The pope emeritus and his outlook
on the West and on Europe

by Archbishop Georg Gaenswein
Translated from

May 12, 2018

Before he became Pope, Joseph Ratzinger thought of himself as a German, but perhaps even more, as a Bavarian. Yet because of his family origins, as a child, he always looked towards Salzburg in Austria, having before his eyes the culture of the House of Hapsburg, especially because his maternal grandmother came from the South Tyrol (which is now part of Italy).

Crossing frontiers has characterized his life, with the constnat background of Catholicity’s infinite horizon. Therefore, from childhood, his political homeland was represented not by frontiers but by the West in its entirety, even in the days when the furies unleashed by totalitarianism risked precipitating our continent into the abyss.

So it was not surprising that early on, Europe became the political passion of the young scholar Joseph Ratzinger. Nor that the young Ratzinger was fascinated by Konrad Adenauer and by the poltiical resolve with which Germany’s first postwar Chancellor resisted all the flatteries and promises offered by the Soviet Union after the ‘break in civilization’ that German experienced under National Socialism, to anchor the new Federal Republic of Germany to the system of values inherent in Judaeo-Christian history and that of the Latin West.

Uniquely in this this history – as Joseph Ratzinger recognized early on – the God of Jacob was recognized not as a God who rages but above all, a God who loves his creatures, who does not force man to do as he should but to win him over. Only in such a cultural space could the unmatchable ‘Cbristian freedom’ have been discovered, developed and defended - a freedom spoken about 1500 years ago by St Columban who was inspired in his missionary work by the knowledge that «Si tollis libertatem, tollis dignitatem» - If you take away freedom, you take away dignity. Words that adorn the Chapel of St. Columban in the subterranean space of St. Peter’s Basilica, and the motto that guided that great 6th century Irish missionary.

In the Vatican grottoes under the papal altar, the Confessio that Bernini built over the tomb of the Prince of Apostles, the words of Columban have come to be an integral part of the foundations of the papacy itself.

It was the spirit in which the pilgrim Irish monks of the 6th century Christianized Western Europe, almost re-founding it in the midst of much internal migrations. A spirit that was persuasive to the young Joseph Ratzinger.

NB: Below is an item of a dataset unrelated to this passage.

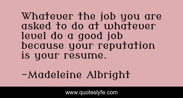 This page presents the quote "Whatever the job you are asked to do at whatever level do a good job because your reputation is your resume.". Author of this quote is Madeleine Albright. .

And that is why the beautiful title of the book we are presenting today could almost be considered as a cantus firmus [a fixed song] in the life of Joseph Ratzinger/Benedict XVI.

The pope who came from Germany matured as a man, thinker and professor in the postwar ‘Catholic epoch: a time when Erich Przywara, mentor of Josef Pieper, conceived his book "The idea of Europe” and when Konrad Adenauer, Robert Schuman and Alcide de Gasperi took the risk of undertaking to re-found Europe from its ruins, recovering the legacy of the Carolingian West. It was at this time that the young homo historicus Joseph Ratzinger, who was extremely educated and cultured early on, became a homo politicus.

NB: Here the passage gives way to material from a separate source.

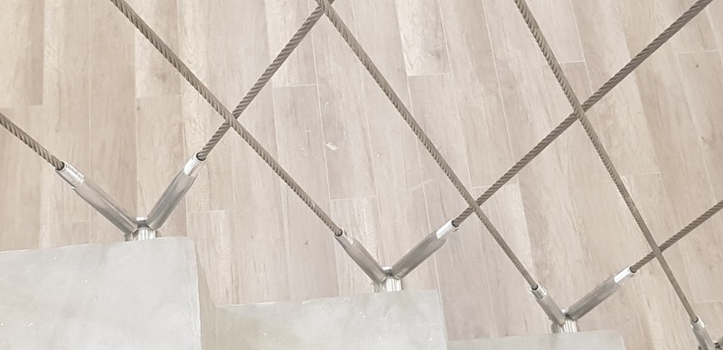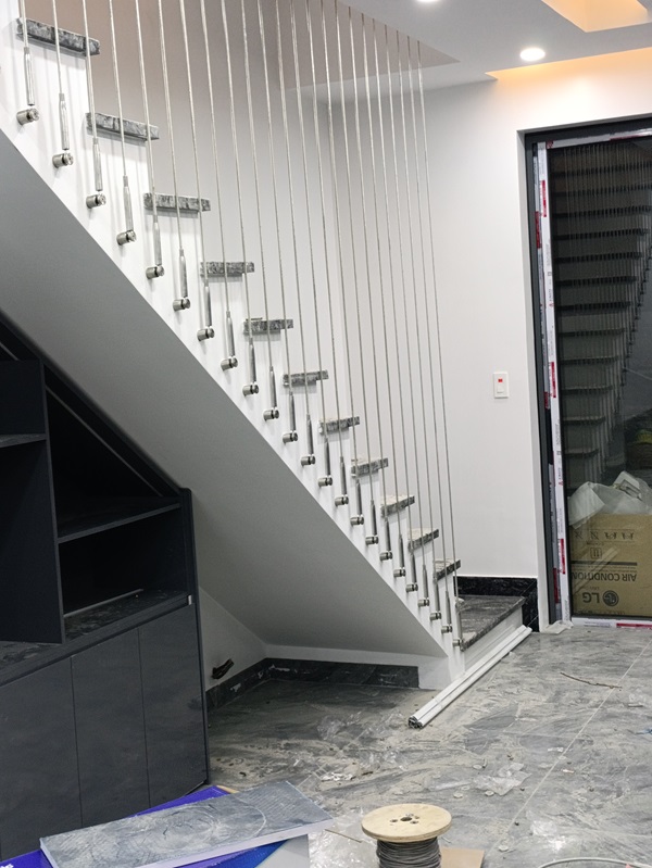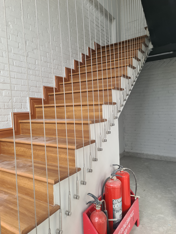 Thông thường mỗi bậc thang sẽ được bố trí 2-3 sợi cáp, cách đều nhau khoảng 8-10 cm ( hoặc theo yêu cầu của chủ nhà) , vừa có tác dụng chịu lực vừa đóng vai trò là một tấm lưới an toàn che chắn không để người rơi khỏi cầu thang, loại bỏ xảy ra sự cố. Lớp vỏ bọc PS giúp cách điện và tạo sự mềm dẻo cho sợi cáp, tránh gây xây xát khi xảy ra va chạm, do đó đảm bảo an toàn tuyệt đối cho người sử dụng.

His most political idea even then coincided with the theological concept that was most important to the young priest: the truth, which much later he would use in the motto for his archbishop’s coat of arms, expressing his desire to win over co-workers for the truth.

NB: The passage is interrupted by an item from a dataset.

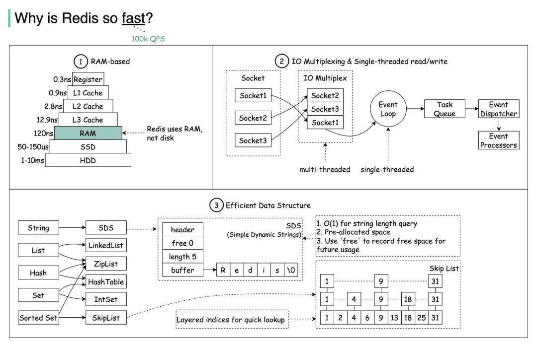 下面这张图片总结的挺不错的,分享一下,出自 Why is Redis so fast?[5] 。

“If we detach ourselves from the concept of truth, we detach ourselves from the foundation”, he told Pere Seewald in February 2000 while they were staying in Montecassino, mother house of the Benedictine monasteries. He continued:

“One of the most significant sayings of Jesus was about fire and peace ["I have come to set the earth on fire, and how I wish it were already blazing!... Do you think that I have come to establish peace on the earth? No, I tell you, but rather division” (Lk 12:49,51); In Matthew, his words are “I have come to bring not peace but the sword”] and it shows us today the conflict inherent in authentic peace – when truth is worth suffering and even conflict. It shows that one cannot accept lies for the sake of ‘living in peace’. No one has the courage these days to say that what the faith tells us is the truth”.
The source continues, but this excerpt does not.